What would be an asymptotic (big-O) notation for ${n \choose k}$ which puts it into perspective with $2^n$?
EDIT: for $k$ constant, this post states ${n \choose k} = \Theta(n^k)$. I'm searching for a more general asymptotic notation, not limited to $k$ constant.
EDIT 2: and for $k = \frac{n}{2}$, this post obtains ${n \choose k} = \Theta(\frac{2^n}{\sqrt{n}})$.
Two bounds from information theory might be helpful.

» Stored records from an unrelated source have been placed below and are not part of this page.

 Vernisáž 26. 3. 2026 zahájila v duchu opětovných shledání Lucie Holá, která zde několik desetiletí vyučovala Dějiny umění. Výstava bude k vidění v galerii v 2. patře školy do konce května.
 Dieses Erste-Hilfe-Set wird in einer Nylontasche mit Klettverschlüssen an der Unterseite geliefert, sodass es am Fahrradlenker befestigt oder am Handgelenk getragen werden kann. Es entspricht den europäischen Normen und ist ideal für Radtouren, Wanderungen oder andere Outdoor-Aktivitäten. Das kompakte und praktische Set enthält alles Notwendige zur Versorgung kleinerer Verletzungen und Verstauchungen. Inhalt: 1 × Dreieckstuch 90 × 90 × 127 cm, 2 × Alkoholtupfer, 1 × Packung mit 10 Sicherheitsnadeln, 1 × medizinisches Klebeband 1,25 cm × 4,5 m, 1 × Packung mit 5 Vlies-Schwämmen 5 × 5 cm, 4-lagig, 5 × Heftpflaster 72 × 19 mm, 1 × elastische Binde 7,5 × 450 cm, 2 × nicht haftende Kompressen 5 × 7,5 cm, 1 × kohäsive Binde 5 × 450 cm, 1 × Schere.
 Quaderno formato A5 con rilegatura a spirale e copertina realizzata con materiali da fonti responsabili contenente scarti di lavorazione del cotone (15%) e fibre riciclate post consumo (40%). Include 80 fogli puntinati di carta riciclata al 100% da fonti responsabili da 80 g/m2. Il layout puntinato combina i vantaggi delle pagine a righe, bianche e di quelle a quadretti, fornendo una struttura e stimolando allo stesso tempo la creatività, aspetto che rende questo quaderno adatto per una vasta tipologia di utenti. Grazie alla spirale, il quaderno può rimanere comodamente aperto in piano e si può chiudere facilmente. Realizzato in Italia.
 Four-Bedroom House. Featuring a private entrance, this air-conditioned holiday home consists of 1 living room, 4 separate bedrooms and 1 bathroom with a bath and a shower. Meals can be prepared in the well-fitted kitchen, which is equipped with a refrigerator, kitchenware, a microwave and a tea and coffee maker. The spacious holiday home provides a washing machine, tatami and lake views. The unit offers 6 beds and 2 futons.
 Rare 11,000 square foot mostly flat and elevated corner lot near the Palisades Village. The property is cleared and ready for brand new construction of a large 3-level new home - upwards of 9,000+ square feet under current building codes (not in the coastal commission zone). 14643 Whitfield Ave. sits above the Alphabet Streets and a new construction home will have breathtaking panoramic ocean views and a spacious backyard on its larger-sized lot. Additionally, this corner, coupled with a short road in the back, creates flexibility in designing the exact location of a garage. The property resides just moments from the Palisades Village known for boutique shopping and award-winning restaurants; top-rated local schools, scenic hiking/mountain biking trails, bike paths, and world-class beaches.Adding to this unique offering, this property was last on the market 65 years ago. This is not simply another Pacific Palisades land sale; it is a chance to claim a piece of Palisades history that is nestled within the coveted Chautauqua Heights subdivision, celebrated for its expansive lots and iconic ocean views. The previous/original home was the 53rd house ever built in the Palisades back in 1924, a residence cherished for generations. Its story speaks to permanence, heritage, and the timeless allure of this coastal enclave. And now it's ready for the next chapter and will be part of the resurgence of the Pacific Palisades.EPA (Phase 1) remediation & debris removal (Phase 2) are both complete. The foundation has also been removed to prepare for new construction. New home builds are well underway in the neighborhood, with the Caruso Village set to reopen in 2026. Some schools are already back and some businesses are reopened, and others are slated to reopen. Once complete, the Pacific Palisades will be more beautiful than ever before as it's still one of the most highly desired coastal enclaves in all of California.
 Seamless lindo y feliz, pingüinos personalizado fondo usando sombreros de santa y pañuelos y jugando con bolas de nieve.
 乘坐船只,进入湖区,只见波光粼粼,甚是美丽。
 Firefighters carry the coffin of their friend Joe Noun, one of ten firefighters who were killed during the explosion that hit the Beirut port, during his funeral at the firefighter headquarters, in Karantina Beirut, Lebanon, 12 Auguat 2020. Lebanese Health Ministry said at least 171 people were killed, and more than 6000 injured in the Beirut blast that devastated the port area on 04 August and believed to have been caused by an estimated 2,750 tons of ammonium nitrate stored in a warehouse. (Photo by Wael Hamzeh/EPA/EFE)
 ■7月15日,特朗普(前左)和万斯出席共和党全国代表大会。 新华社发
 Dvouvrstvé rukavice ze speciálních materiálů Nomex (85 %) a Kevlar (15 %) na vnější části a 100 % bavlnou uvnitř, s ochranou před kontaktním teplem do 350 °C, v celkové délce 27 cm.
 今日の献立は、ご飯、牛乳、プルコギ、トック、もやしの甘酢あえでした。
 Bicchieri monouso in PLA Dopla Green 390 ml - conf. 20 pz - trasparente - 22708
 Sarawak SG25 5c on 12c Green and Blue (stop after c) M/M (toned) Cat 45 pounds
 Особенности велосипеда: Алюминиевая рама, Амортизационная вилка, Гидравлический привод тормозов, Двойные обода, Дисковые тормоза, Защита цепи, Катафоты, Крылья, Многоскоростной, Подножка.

If you let the function $H(p) = -p\log_2 p-(1-p)\log_2(1-p)$ denote the binary entropy function for $0\leq p\leq 1$, then you have
$$\frac{1}{n+1}2^{n H(k/n)}\leq \binom{n}{k}\leq 2^{n H(k/n)}.$$
It can be further tightened, but the connection with $2^n$ is already there.
If you consider$${n \choose k}={n \choose a n}=\frac{\Gamma (n+1)}{\Gamma ((1-a) n+1)\, \Gamma (a n+1)}$$ and use Stirling approximation $$\log \Bigg[\binom{n}{a n}\Bigg]=-((1-a) \log (1-a)+a \log (a))\,n-$$ $$\frac 12\log (2 \pi (1-a) a)-\frac 12 \log(n)+O\left(\frac{1}{n}\right)$$
If you make $a=\frac 12$, the leading coefficient is $\log(2)$ and then the $2^n$